3

I'm trying to write a function in C# that gets a directory path as parameter and returns a dictionary where the keys are the files directly under that directory and the values are their last modification time. This is easy to do with Directory.GetFiles() and then File.GetLastWriteTime(). However, this means that every file must be accessed, which is too slow for my needs. Is there a way to do this while accessing just the directory? Does the file system even support this kind of requirement?

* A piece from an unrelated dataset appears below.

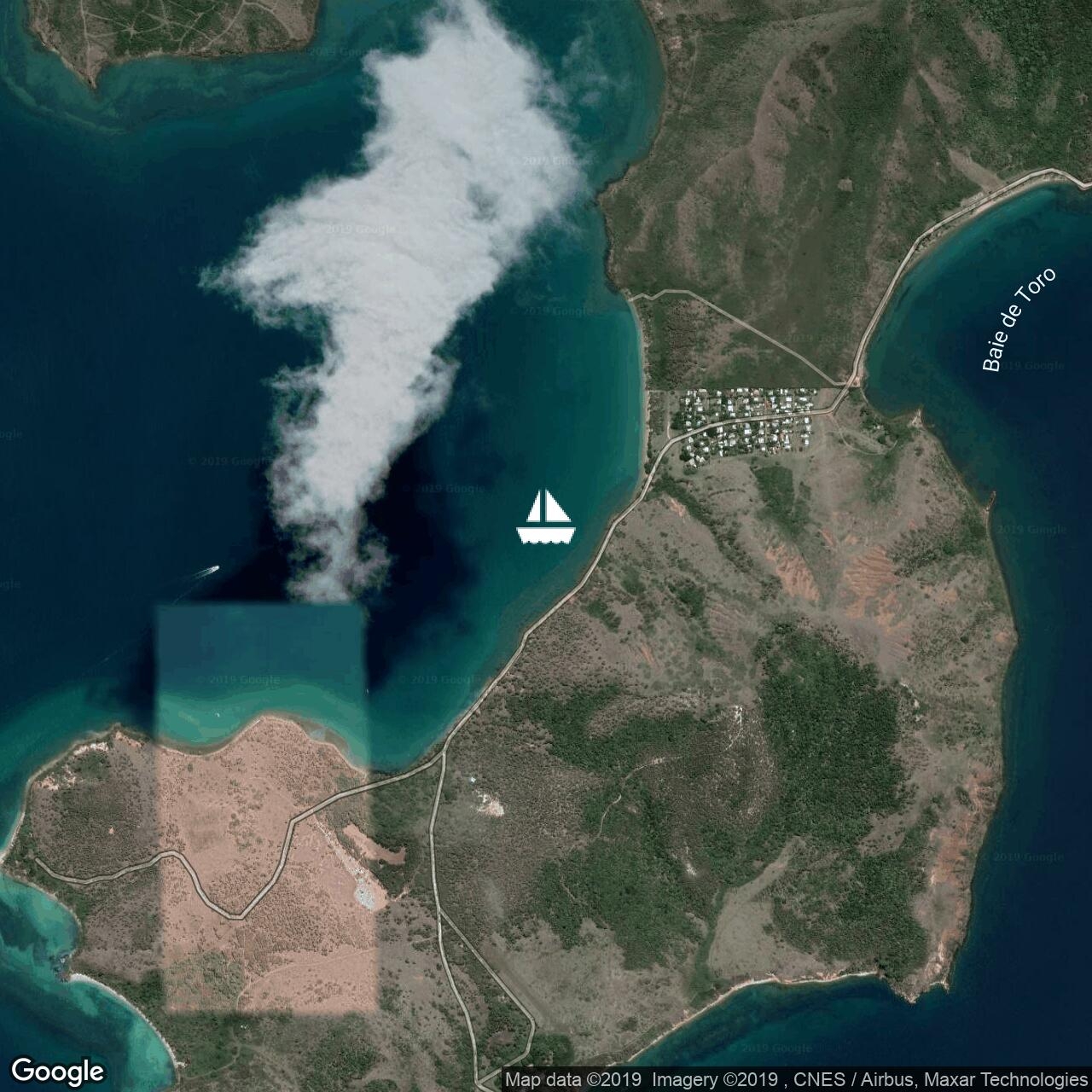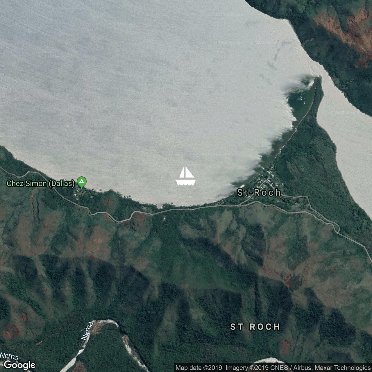 Hiding out from the reinforced trade winds in Baie Maa. Outside blowing 25-30kn. In here, behind a big hill, about 5kn.

Edit, after reading some answers: Thank you guys, you are all saying pretty much the same - use FileInfo object. Still, it is just as slow to use Directory.GetFiles() (or Directory.EnumerateFiles()) to get those objects, and I suspect that getting them requires access to every file. If the file system keeps last modification time of its files in the files themselves only, there can't be a way to extract that info without file access. Is this the case here? Do GetFiles() and EnumerateFiles() of DirectoryInfo access every file or get their info from the directory entry? I know that if I would have wanted to get just the file names, I could do this with the Directory class without accessing every file. But getting attributes seems trickier...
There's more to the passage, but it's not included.